In recent years, quantifying ectopic pregnancy in the United States has become difficult because ectopic pregnancies treated during multiple outpatient visits cannot be reliably identified and tracked using traditional surveillance data; this has left administrative claims data as an important surveillance tool (9). Medicaid is an important data source for maternal health epidemiology since it includes low-income women, a population at high risk for maternal morbidity and mortality (3, 10). We previously reported ectopic pregnancy rates among Medicaid beneficiaries in three large states – California (2.07% of all reported pregnancies), Illinois (2.43%), and New York (2.38%) – from 2000 through 2003 (6). These rates were generally higher than those reported in other studies based on insurance data, including the MarketScan nationwide database of commercial insurers (1.6% in 2002–07 if all ectopic pregnancy diagnoses were counted, or 0.64% if only those with a documented treatment were included), (11) Kaiser Permanente Northern California (2.07% in 1997–2000) (12) and Group Health Cooperative in Idaho and Washington state (1.36% in 2005–07)(13). We also found that within the Medicaid population, African American women had significantly higher risk of ectopic pregnancy than whites in the three states studied (California, Illinois, New York); trends for other race/ethnicity groups varied by state. Ectopic pregnancy rates in the Medicaid population from other states and more recent years are unknown.
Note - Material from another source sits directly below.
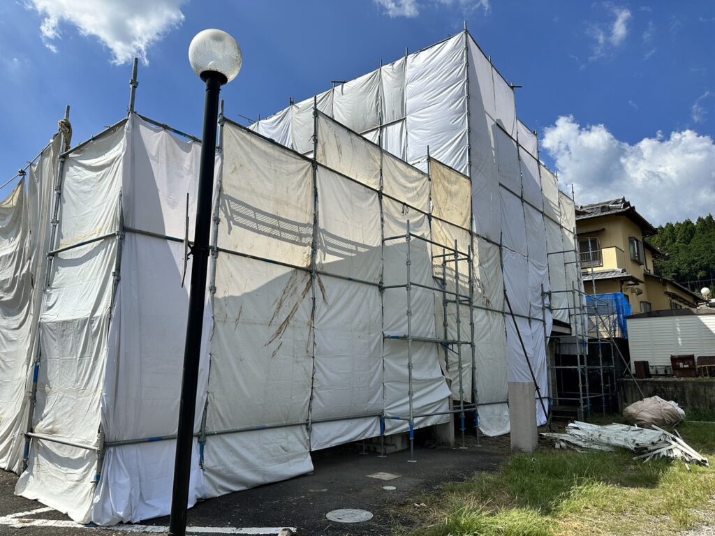 3F建 歯医者兼自宅の解体工事用の養生足場

We conducted this study to assess recent ectopic pregnancy rates and incidence (2004–08) in a 14-state population that includes an estimated 58% of the US population of female Medicaid beneficiaries of reproductive age (14). We also aimed to assess whether there was a time trend in rates among women in California, Illinois and New York, the three states we had previously studies, from 2000 to 2008. Finally we examined disparities by race/ethnicity in this large population of low-income women.
MATERIALS AND METHODS
We received Medicaid Analytic Extract data files from the Centers for Medicare and Medicaid Services (CMS) under an approved Data Use Agreement. The study’s institutional review board acknowledged the study as exempt from review since it constituted a secondary analysis of deidentified data. The authors had no conflicts of interest. We examined Medicaid claims for all female beneficiaries 10–55 years of age in Arizona, California, Colorado, Florida, Illinois, Indiana, Iowa, Louisiana, Massachusetts, Michigan, Minnesota, Mississippi, New York and Texas, 2004–08. We selected these states to maximize number of enrollees, geographic spread and racial diversity, given that we could purchase data for 14 states. These data files include person-level information on Medicaid enrollees and encounter-level information for Medicaid claims from all sources of care, including inpatient, outpatient, physician services, radiology, and clinic visits. We did not examine long-term care files or pharmacy prescription claims for this study since our previous research found these did not contribute valuable information about ectopic pregnancy. We included women aged 15–44 in our analysis in order to make it comparable to other studies of women of reproductive age.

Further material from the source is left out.